A comprehensive list of issues, individuals, and groups analyzed for stance included: Abortion, LGBTQ+ Rights, Immigration, Gun Control, Climate Change, Christianity, Islam, Judaism, Political Parties (Democratic, Republican), Specific Politicians (e.g., President Biden, Donald Trump), and Religious Leaders.

To estimate speaker gender, the pretrained wav2vec2 model audeering/wav2vec2-large-robust-24-ft-age-gender was utilized. This model, fine-tuned for age and gender prediction, processed extracted audio clips corresponding to each speaker’s utterances. The model outputs a probabilistic gender classification (male/female) based on vocal characteristics. Aggregated predictions at the speaker level assigned a single gender classification. A researcher validated the model’s predictions on a sample of 50 utterances, achieving 98% accuracy.

Identifying Musical Content

Differentiating Music from Speech

A crucial initial step in processing the recorded audio was distinguishing between music and spoken content. This was achieved using the MIT/ast-finetuned-audioset-10-10-0.4593 Audio Spectrogram Transformer (AST) model. The model was adapted to the 15-minute recordings by chunking them into overlapping 10-second segments. Segments were classified as speech or music independently and then merged into continuous regions of each category. Segments where the model identified both speech and music were classified as speech. Transcripts for music segments were notated as .

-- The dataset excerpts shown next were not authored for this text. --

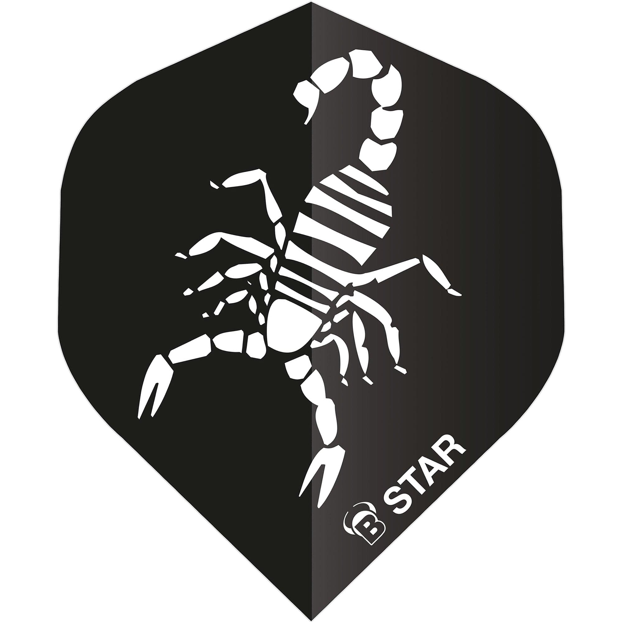 BULL'S B-Star Dart Flights - 100 Micron - A-Std - Scorpion - Black - F4221. This flight is made from the most popular 100 Micron material, in the B-Star Flight series in standard A-Shape. This design features a scorpion image on a black background. Each pack contains 3 flights.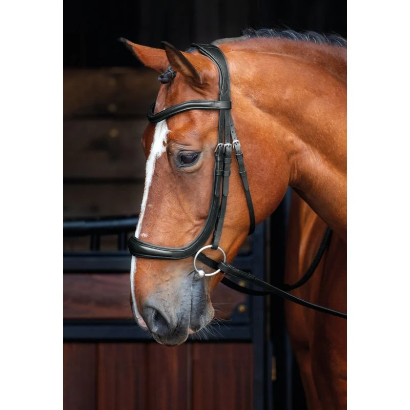 The unique flash position inhibits evasion of the bit without impeding airflow to the nose, promoting unrestricted breathing. Details include a FreedomFit headpiece designed to relieve pressure due to the wide, cushioned crown with poll gap and cutaway ear profile, soft leather combined with generous, anti-shock padding on the headpiece, browband, and noseband, elegant profile due to a sleek, angled throatlatch, high shine stainless steel harness buckles, and signature Velociti reins for a flexible and reliable grip.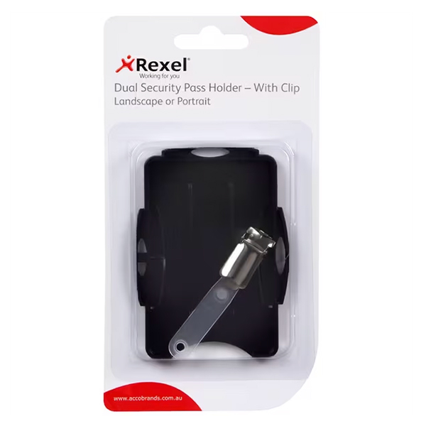 REXEL DUAL SECURITY ID PASS HOLDER WITH CLIP BLACK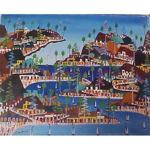 Haitian Painting acrylic on Canvas by the artist Cemoin Souffrant. The Painting is 16" x 20" and is unstretched and unframed. The painting will be shipped rolled.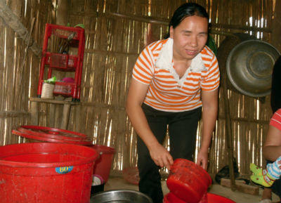 Khi chúng tôi đến thăm, chị Duyên đang lọ mọ chuẩn bị nấu bữa cơm trưa. Trong ngôi nhà tuềnh toàng, trống hoác của cặp vợ chồng mù, không có vật gì đáng giá ngoài mấy bó củi được đặt ngoài cửa.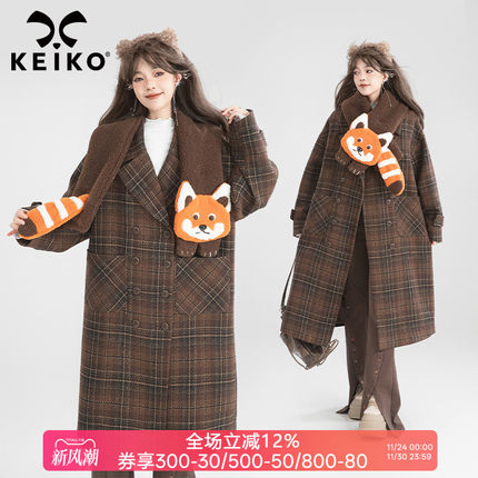 KEIKO 通勤复古咖色格子毛呢大衣女25早春挺廓加厚西装领呢子外套
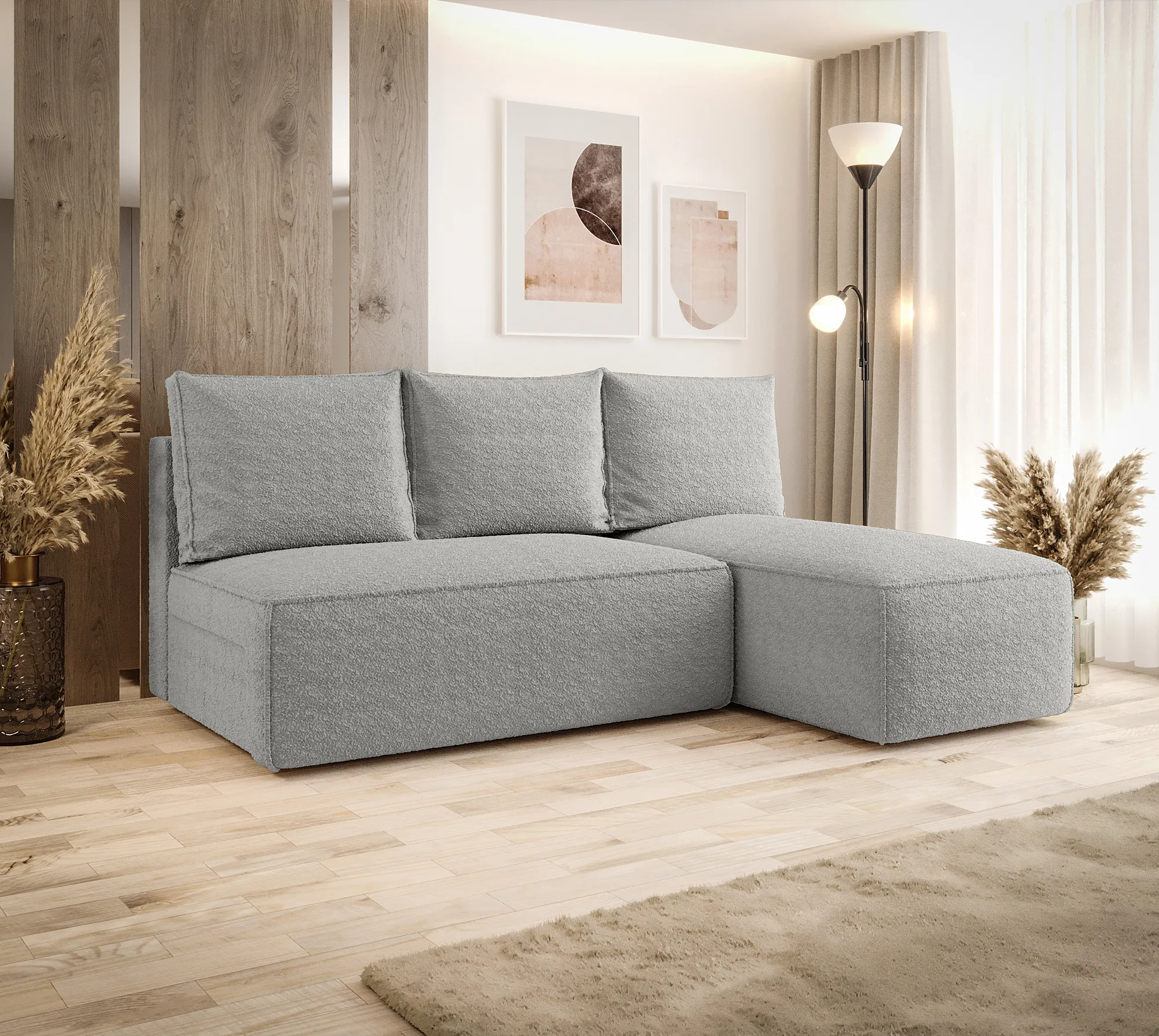 Jasnoszara sofa narożna z funkcją spania i pojemnikiem - Merello 5X

Identifying Tracks, Artists, and Genres

To identify specific musical tracks, artists, and genres, the AudD music recognition API was employed. Randomly sampled clips from the recorded audio containing at least two minutes of continuous music were analyzed. This process identified 39,262 distinct tracks by 13,594 artists. Approximately 93% of these tracks had associated metadata in the Spotify music library, allowing for the retrieval of detailed artist and genre information. Genre tags were reviewed and consolidated into standardized categories for analysis, encompassing a wide spectrum of musical styles prevalent in religious radio programming.

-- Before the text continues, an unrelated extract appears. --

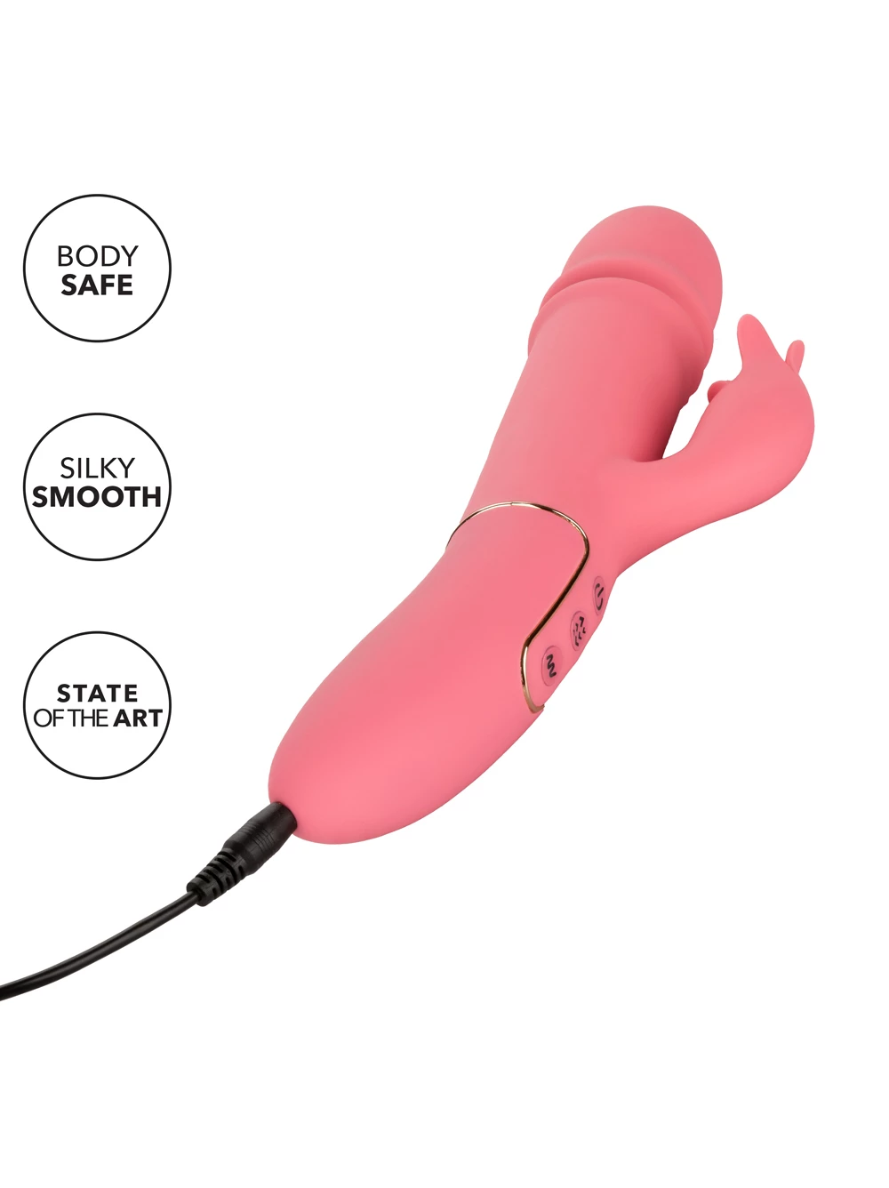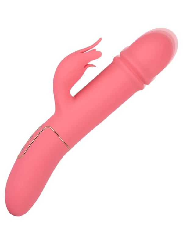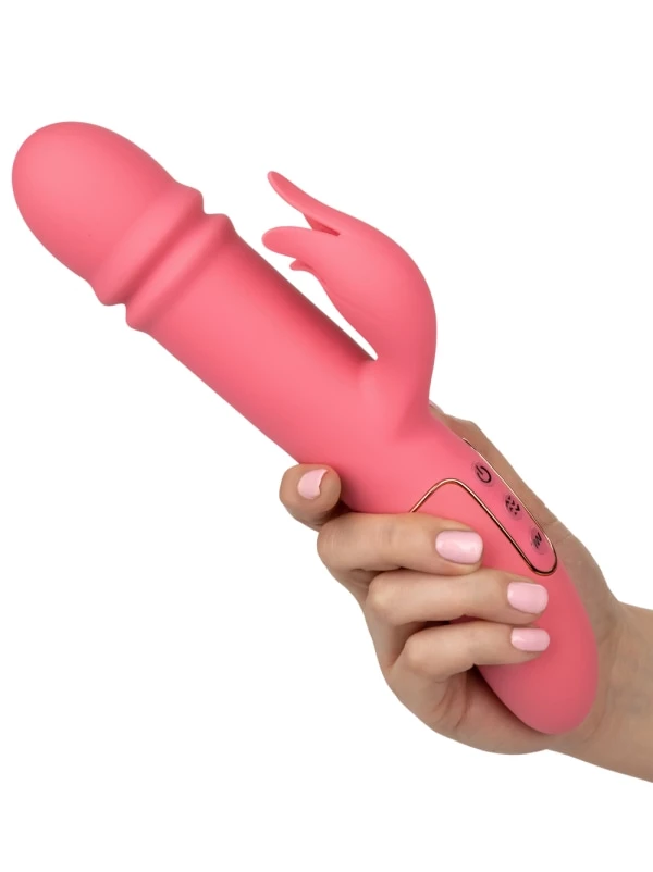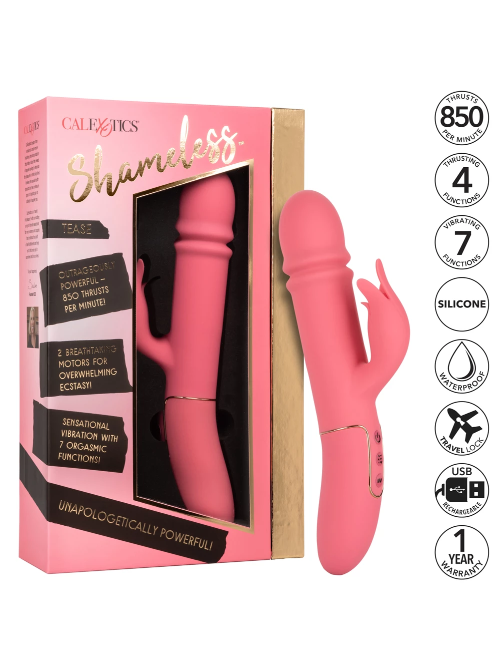 Who could resist the allure of a sex machine that fits in the palm of your hand? CalEx’s line of Shameless thrusters are powerful, submersible, and equipped with four stimulating up-and-down motions for you to explore. The Shameless Tease is ready to work–with up to 850 thrusts per minute! Featuring two motors and a flower-like vibrating external stimulator–compared with the Shameless Seducer, the Tease’s external nub is positioned further from the shaft. The Tease features a slight ergonomic curve and a softer-than-usual silicone shaft that is topped with a bulbous tip that is great for G-spot, prostate or clitoral stimulation. While the thrusting might seem overwhelming in a firmer toy, the Tease’s soft silicone and easy-to-use three button controls make this thruster approachable and quite satisfying. Tease’s shaft is made of waterproof silicone and the handle is ABS plastic with gold tone detailing; its compact design and travel lock make it a perfect toy to bring on the road. The external piece features three settings: Vibration, Pulsation and Escalation. Rechargeable; completely charges in 120 minutes for 50 minutes of play on high, 70 minutes on low.

Mapping Programming Categories onto a 24-Hour Schedule

The content analysis is based on approximately 440,000 hours of recorded audio. Since recordings were made in 15-minute blocks, the reported "hours per day" figures are calculated proportions of observed content, assuming a 24-hour broadcast schedule. This assumption was validated by the lack of significant overnight sign-offs and minimal dead air observed in the recordings. Analysis indicated that, on average, less than 30 seconds of silence occurred within a 15-minute recording block, with no significant difference between overnight and daytime periods. This methodological rigor ensures a comprehensive and accurate portrayal of the religious radio landscape in the United States.